Editor's Note: The author Sara Robinson posted an interesting project on Medium, which she created an app that automatically recognizes singer Taylor Swift. This is very similar to the Weili project we introduced earlier. This tutorial is very detailed. Interested students can learn and do their own image recognition tools. This article has been authorized by the author. The following is the compilation of the original text.
Note: Since TensorFlow does not have a Swift library when writing this article, I used Swift to build an APP for the prediction request for my model.
Here is the app we created:
The TensorFlow Object Detection API allows you to identify the location of a particular object in a picture, which can be applied to many interesting programs. However, I usually shoot more people, so I want to apply this technology to face recognition. It turned out that the model performed very well! This is the Taylor Swift detector I created above.

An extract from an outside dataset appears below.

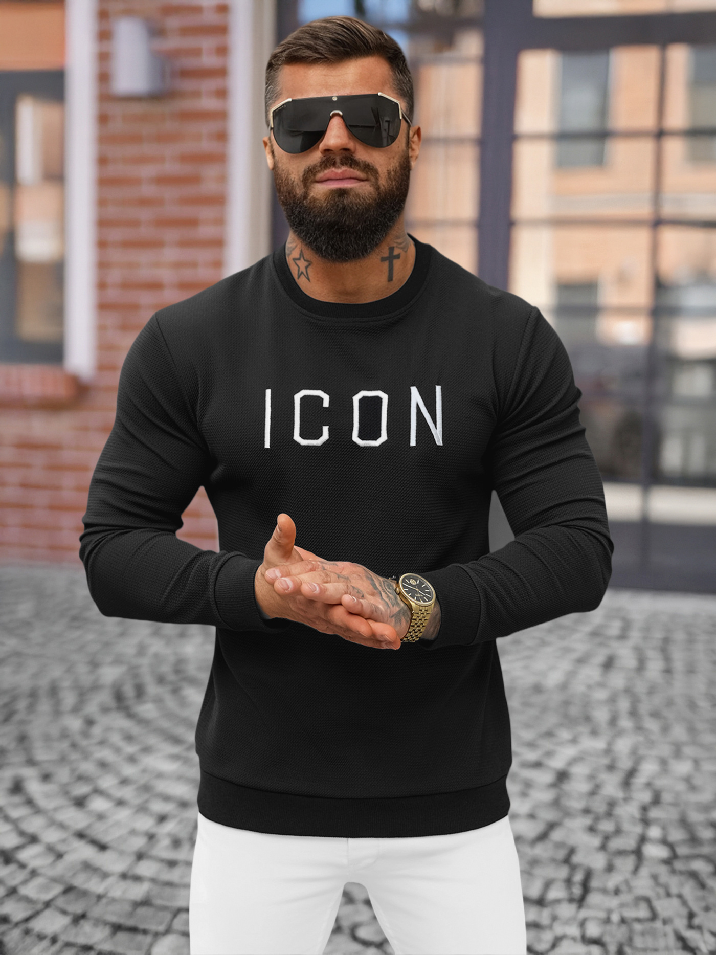 - Modell (182 cm, 87 kg) és XL-es méretet hord.

This article will list the building steps of the model, from collecting photos of Taylor Swift to training the model:
Pre-process images, resize, label, split them into training and testing, and modify them into Pascal VOC format;
Convert the image into a TFRecords file to conform to the object detection API;
Use MobileNet to train models on the Google Cloud ML Engine;
Export the trained model and deploy it to the ML Engine for service;
Build an iOS front end and make prediction requests based on the trained model (using Swift).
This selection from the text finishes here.